On the basis of rplO genes, 466 distinct biocrust genomes were identified across all conditions (Supplementary Data 4). As observed for biocrust metabolites, community structure was primarily driven by wetting duration. At the phylum level, the most drastic change was a shift from a Cyanobacteria-dominated community at early time points (17–28% at 3 min to 1–3% by 49.5 h) to a Firmicutes-dominated community by 49.5 h (4–5% at 3 min to 19–39% by 49.5 h) (Supplementary Fig. 4). Other dominant phyla included Proteobacteria and Actinobacteria, which appeared to be indifferent to wetting (i.e., their relative abundance was more evenly-distributed across wetting) (Supplementary Fig. 4).

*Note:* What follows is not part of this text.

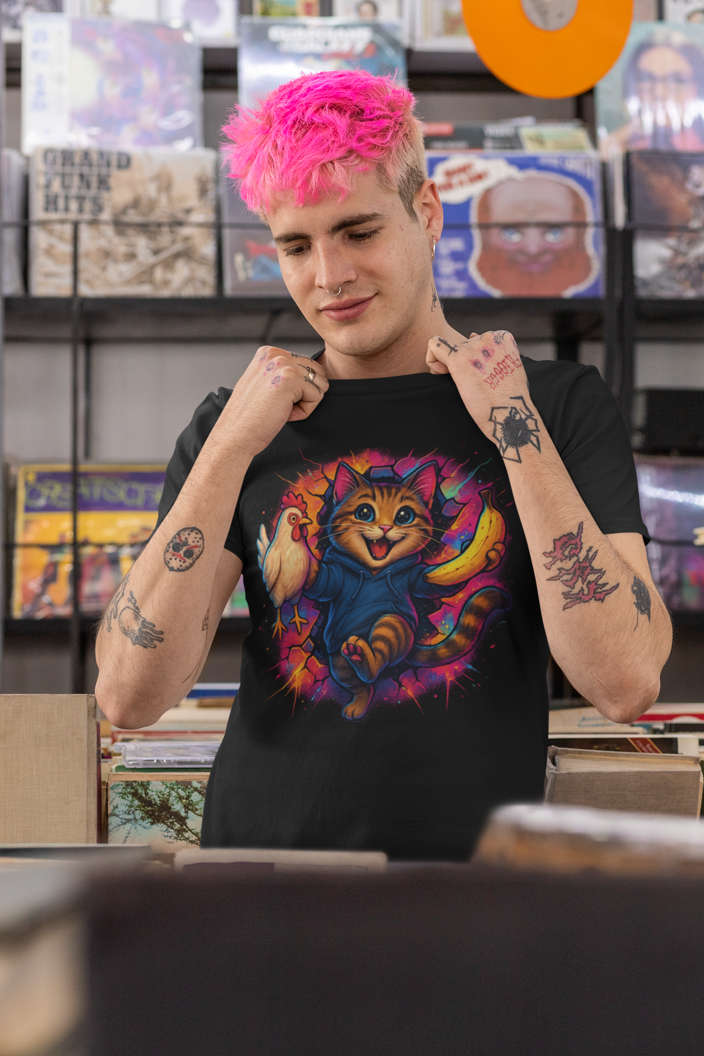 Add a shot of retro-cool and pure joy to your wardrobe with this exclusive Viral Tee Co. graphic tee. Featuring an adorable, neon-splattered cat bursting through holding a chicken in one paw and a banana in the other, it’s the perfect conversation-starter for your next live stream, coffee run, or weekend hangout.

In order to use previous culture-based isolate exometabolomic analyses to examine the link between microbe and metabolite dynamics in intact biocrust, we conducted an unbiased rplO gene sequence comparison between rplO genes assembled from the native biocrust and previously profiled biocrust bacterial isolates20 (obtained from the same field site). Fortunately, four isolates matched relatively abundant native biocrust bacteria at the species or genus level (Table 1). Further comparative analyses were conducted to calculate genome average nucleotide identity (ANI) between isolate genomes and their related metagenome-assembled genomes (MAGs) to which the rplO gene was co-binned. This validated that each isolate and their closest matching environmental relative were of the same genus or species, following the conventions described in a previous report28 (Table 1). Additional validation was obtained by comparing gene average amino acid identity (AAI) (Supplementary Table 2) and other ribosomal protein genes (Supplementary Data 5) from within each MAG to the corresponding isolate. On the basis of these results, these four isolate-related environmental bacteria were selected for exometabolomics comparisons: Microcoleus sp. (a filamentous Cyanobacterium and primary producer), two Firmicutes (referred to here as Bacillus sp. 1 and Bacillus sp. 2) and Blastococcus sp. (an Actinobacterium) (Table 1, Supplementary Fig. 5).

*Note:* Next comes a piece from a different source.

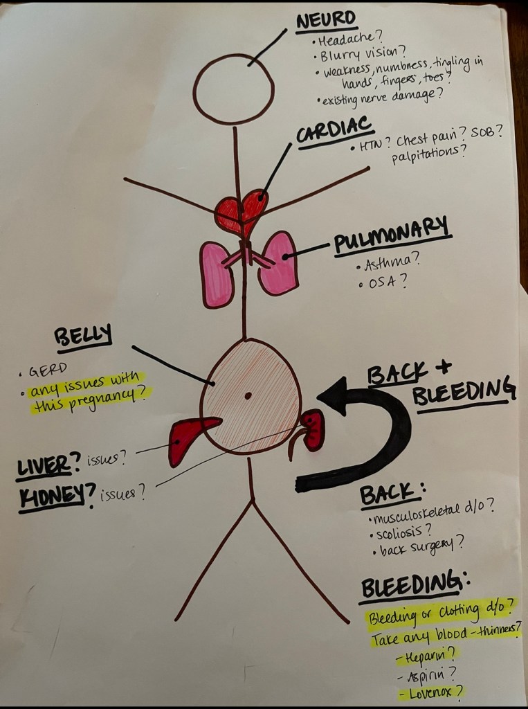 - If mom is in labor & contracting, but full stomach, we still proceed to OR and perform spinal without waiting for NPO time.

Table 1 Exometabolite-profiled isolates and their closest matching relative in biocrust

Remarkably, together, these four bacteria accounted for ~30% of the entire microbial community in many of the biocrust samples (Supplementary Fig. 6). The overall most abundant microorganism, Microcoleus sp. is known to be a pioneer species responsible for initial soil stabilization and biocrust formation29 and in our study was the most dominant in early wetup biocrust, accounting for 10–25% of the entire microbial community at 3 min across all successional stages (Supplementary Fig. 6). The two Firmicutes, Bacillus sp. 1 and Bacillus sp. 2, are likely to be physically-associated with Microcoleus filaments20 and their relative abundance increased during wetting. The most abundant of these, Bacillus sp. 1, was a mid-wetup responder and peaked at 9 h for successional levels A, B and D (16–24% of the community) and at 18 h for successional level C (24% of the community) (Supplementary Fig. 6). Bacillus sp. 2 reached its peak abundance at later time points, accounting for up to 3% of the community by 42 h in successional level C, noting that by the later time points the community was less dominated by any one particular microorganism (Supplementary Fig. 6). Finally, Blastococcus sp. abundance was found to be relatively resistant to wetting and was somewhat evenly distributed across all conditions (0.1–2% of the community) (Supplementary Fig. 6).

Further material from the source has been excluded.